描述位置使用selector位置,获取方法,选择->右键检查->右键copy->复制selector

#源码
from bs4 import BeautifulSoup
with open('F:/Python实战:四周实现爬虫系统/作业代码/第一周/上课_2/web/new_index.html','r') as wb_data:
    Soup = BeautifulSoup(wb_data,'lxml')
    #print(Soup)
    print("获取第一张照片")
    #images=Soup.select('body > div.main-content > ul > li:nth-child(1) > img')
    #注意使用上面的地址会报错,要根据提示修改
    image1 = Soup.select('body > div.main-content > ul > li:nth-of-type(1) > img')
    print(image1)
    print("获取所有照片")
    #要获取所有照片需要清除位置信息
    images = Soup.select('body > div.main-content > ul > li > img')
    #把其他信息筛选出来
    title=Soup.select('body > div.main-content > ul > li > div.article-info > h3 > a')
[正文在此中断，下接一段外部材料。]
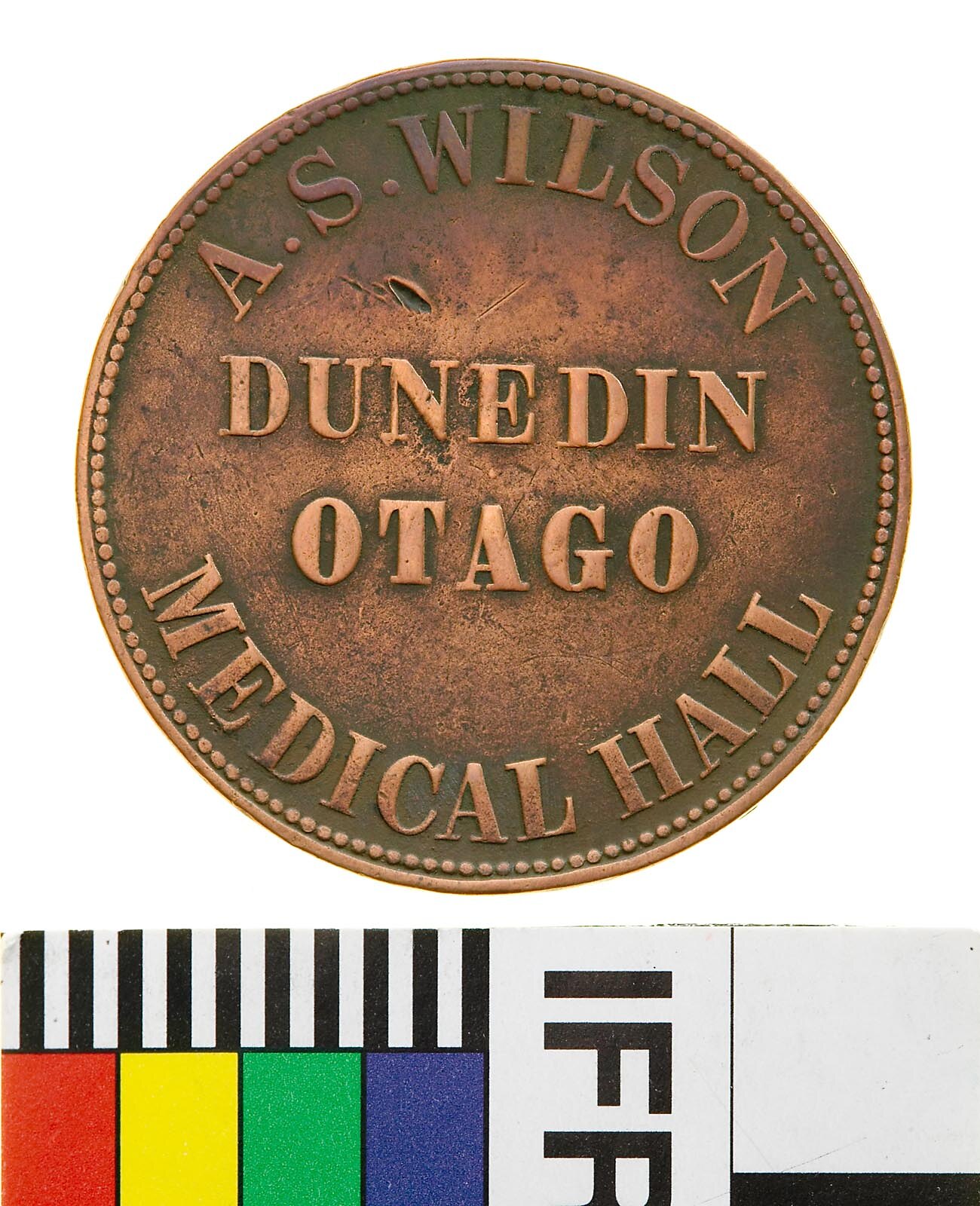Copper One Penny Token, minted by W.J. Taylor, London. Issued by A.S. Wilson, Chemist, Dunedin, 1857. Andrew Smith Wilson established a chemist's business in Dunedin under the name 'Medical Hall' in 1852, having recently arrived from Scotland. In 1863 he sold his business to Messrs. Wilkinson and Dixon. so he could work for worked for Reynolds & Co., Aerated water manufacturers. He is also said to have been one of the first photographers in Dunedin and is credited with having taken the first photograph of the town.

    score=Soup.select('body > div.main-content > ul > li > div.rate > span')
    selector=Soup.select('body > div.main-content > ul > li > div.article-info > p.meta-info > span')
    description=Soup.select('body > div.main-content > ul > li > div.article-info > p.description')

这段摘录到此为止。